Happening this week! Hear how Amplitude built a self-serve marketing engine to drive growth 🚀

Joins

A description of joining multiple documents in GROQ

Joins are supported via the reference access operator ->, via subqueries that use the parent scope operator ^, and via the references() function. The reference data type can be used in documents to explicitly reference other documents and enforce referential integrity, but joins can be made using arbitrary join conditions not involving reference fields at all.
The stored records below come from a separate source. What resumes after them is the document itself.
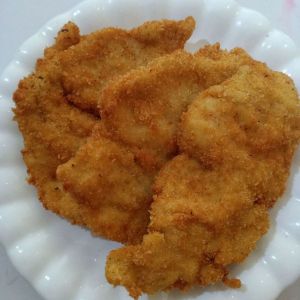 鸡胸肉洗净,对半切开,用刀背给它拍散一下,放盐,料酒,黑胡椒粉,一个蛋清腌制半个小时左右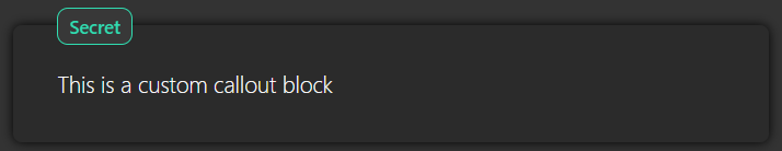 <Tags.Callout label="custom" labelData={{text: "Secret", color: "#25AA88", style: ["font-weight: 500;", "filter: brightness(130%);"]}}>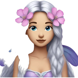 Female fairy Long purple hair Pink dress Rainbow wings Waving emoji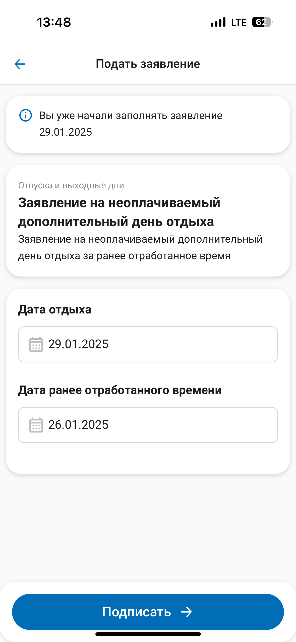 - подача заявлений на отпуск;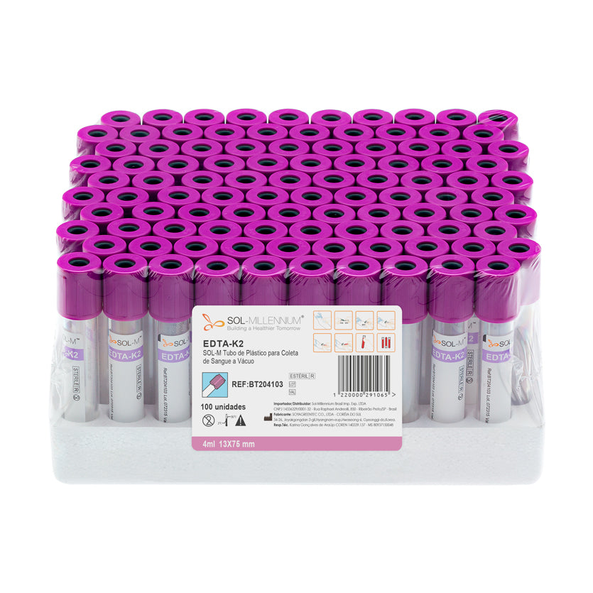 Tubo para coleta de sangue a vácuo com EDTA K2, plástico Polietileno Tereftalato, incolor, estéril, dimensão 13x75mm, volume de aspiração de 4ml. Tubo não siliconizado, rolha de borracha siliconizada, com tampa plástica protetora na cor roxa.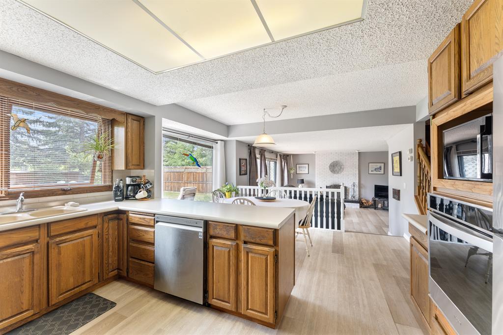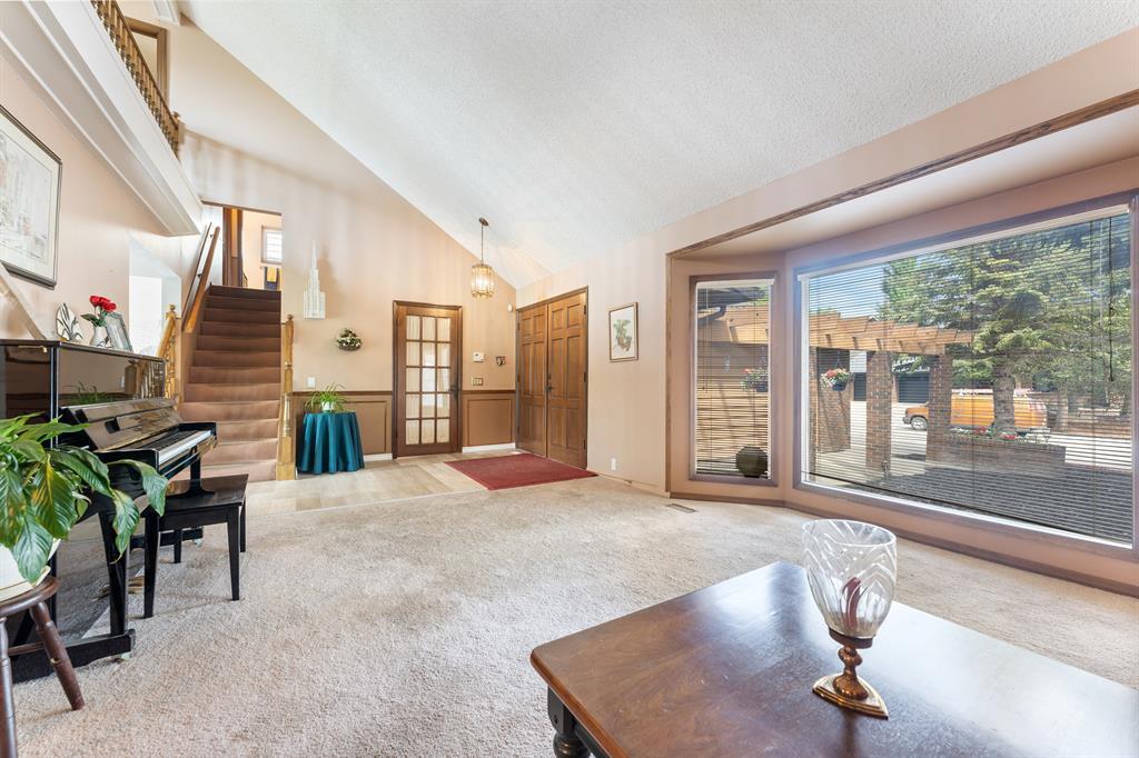 This 4 bedroom 3 bathroom family home located in Canyon Meadows Estates boasts a large lot with a sunny South facing backyard, perfect for enjoying the outdoors. You are greeted by large vaulted ceiling that opens to your family room that is a great space for relaxing with family and friends. walk though to your formal dining room step off your kitchen. The bright kitchen is open to the breakfast nook and living room, making it perfect for entertaining. Enjoy the sounds and ambience of your wood burning fire while cozying up to your favorite show. The double attached garage provides convenient parking, and the unfinished basement offers potential for additional living space. The primary ensuite with loft attached is a spectacular feature that adds to the overall appeal of the home. The location is ideal, with a short walk to Fish Creek Park and Canyon Meadows Golf Course, as well as many other great amenities. Make this space your own and call Canyon Meadows home today! (id:22211)

Consider the following documents representing an employee and a department:

{
  "_id": "alice",
  "_type": "employee",
  "name": "Alice Anderson",
  "department": {"_ref": "engineering"}
}
{
  "_id": "engineering",
  "_type": "department",
  "name": "Engineering"
}

The employee can be joined with the department by applying the -> reference access operator to the department field, which fetches the referenced engineering document and inserts it into the projected document under the department attribute:

*[ _type == "employee" ]{ ..., department-> }

{
  "_id": "alice",
  "_type": "employee",
  "name": "Alice Anderson",
  "department": {
    "_id": "engineering",
    "_type": "department",
    "name": "Engineering"
  }
}

The department can also be joined with its employees by using a subquery that refers to the department's ID via the ^ parent scope operator:

*[ _type == "department" ]{
  ...,
  "employees": *[ _type == "employee" && department._ref == ^._id ]
}

{
  "_id": "engineering",
  "_type": "department",
  "name": "Engineering",
  "employees": [
    {
      "_id": "alice",
      "_type": "employee",
      "name": "Alice Anderson",
      "department": {"_ref": "engineering"}
    }
  ]
}

Or the references() function can be used to fetch any employees that contain a reference to the department anywhere in their content:

*[ _type == "department" ]{
  ...,
  "employees": *[ _type == "employee" && references(^._id) ]
}

{
  "_id": "engineering",
  "_type": "department",
  "name": "Engineering",
  "employees": [
    {
      "_id": "alice",
      "_type": "employee",
      "name": "Alice Anderson",
      "department": {"_ref": "engineering"}
    }
  ]
}

These mechanisms can be used to perform arbitrarily complex joins, see their respective reference documentation for more details.

The rest of this section will demonstrate how GROQ can be used to implement joins equivalent to those in relational algebra and SQL databases. In the following examples, the "left relation" will refer to the current document, while the "right relation" will refer to the joined documents.

Outer Joins

Left Outer Join

A left outer join combines each document in the left relation with any documents in the right relation that match the join condition. Documents in the left relation that do not have any corresponding matches in the right relation are still included in the result, typically with a null value or similar.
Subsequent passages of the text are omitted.